PROBLEM STATEMENT ::
Your output should be the complete listing, word for word, with no pictures in it.

DATASET ::
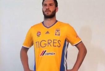 El delantero de los Tigres, André-Pierre Gignac, llego a la ciudad de Monterrey y de inmedito se presentó para lucir la nueva indumentaria de los felinos, la cual utilizarán para el Apertura 2016.
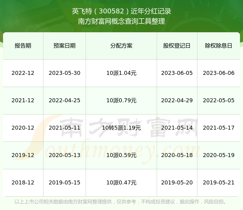 英飛特最新一次公布的分紅方案:10派1.04元。
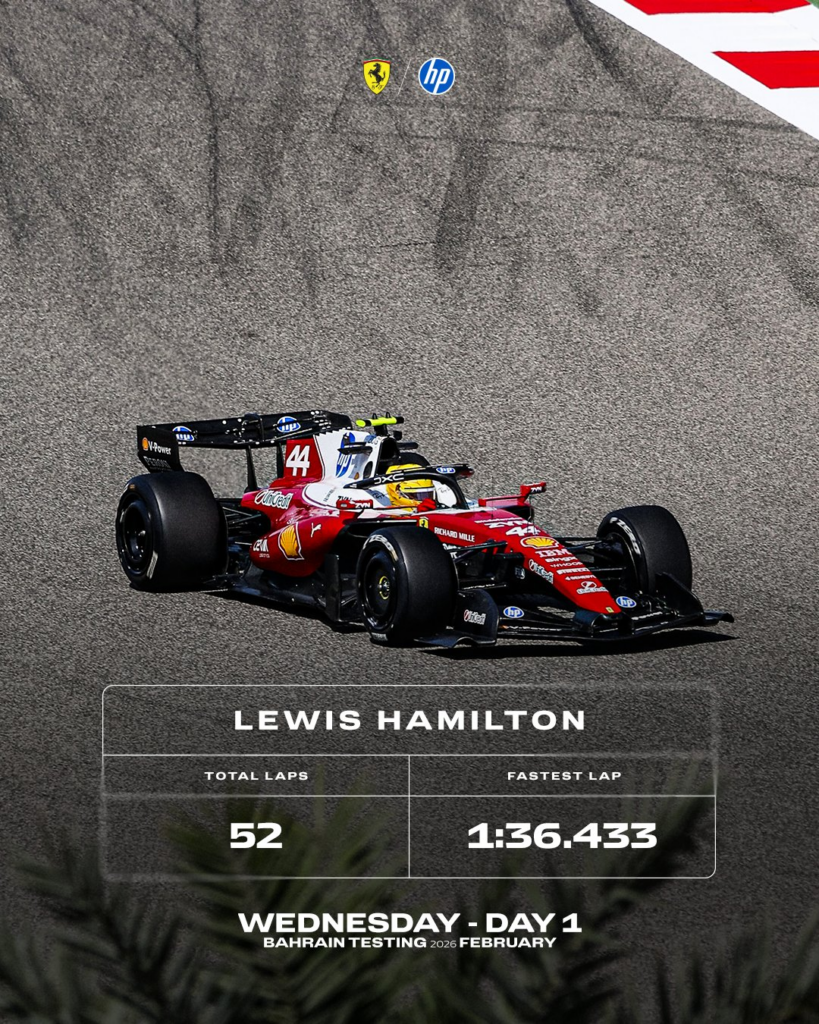 Lewis Hamilton ha chiuso la propria mezza giornata in quarta posizione con 1:36.433, in una sessione dedicata principalmente alla raccolta dati e alla comprensione del nuovo pacchetto tecnico Ferrari 2026. Da segnalare anche un leggero bloccaggio in curva 1 senza conseguenze.
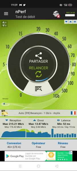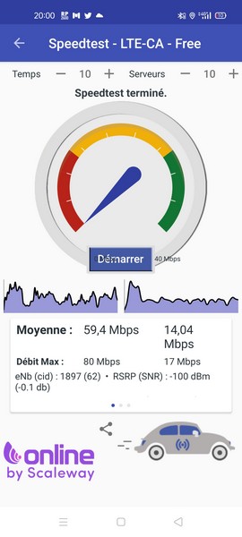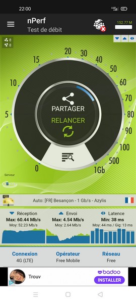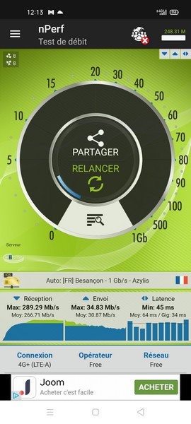 Ci-dessous, un exemple de débit en intérieur, avec une carte SIM Free Mobile :
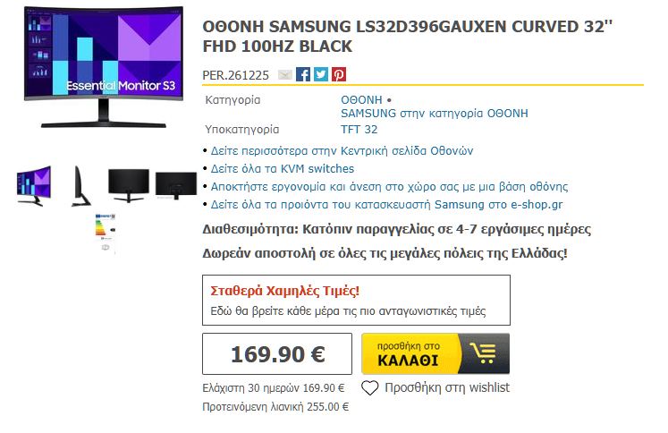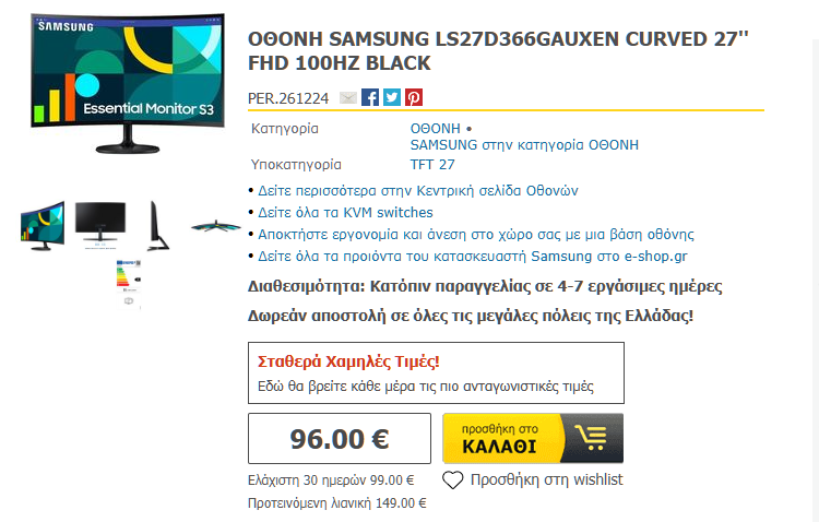 - Στο E-shop: SAMSUNG LS27D366GAUXEN CURVED 27” FHD 100HZ

OUTPUT OF THE EXERCISE ::
 El delantero de los Tigres, André-Pierre Gignac, llego a la ciudad de Monterrey y de inmedito se presentó para lucir la nueva indumentaria de los felinos, la cual utilizarán para el Apertura 2016.
 英飛特最新一次公布的分紅方案:10派1.04元。
 Lewis Hamilton ha chiuso la propria mezza giornata in quarta posizione con 1:36.433, in una sessione dedicata principalmente alla raccolta dati e alla comprensione del nuovo pacchetto tecnico Ferrari 2026. Da segnalare anche un leggero bloccaggio in curva 1 senza conseguenze.
 Ci-dessous, un exemple de débit en intérieur, avec une carte SIM Free Mobile :
 - Στο E-shop: SAMSUNG LS27D366GAUXEN CURVED 27” FHD 100HZ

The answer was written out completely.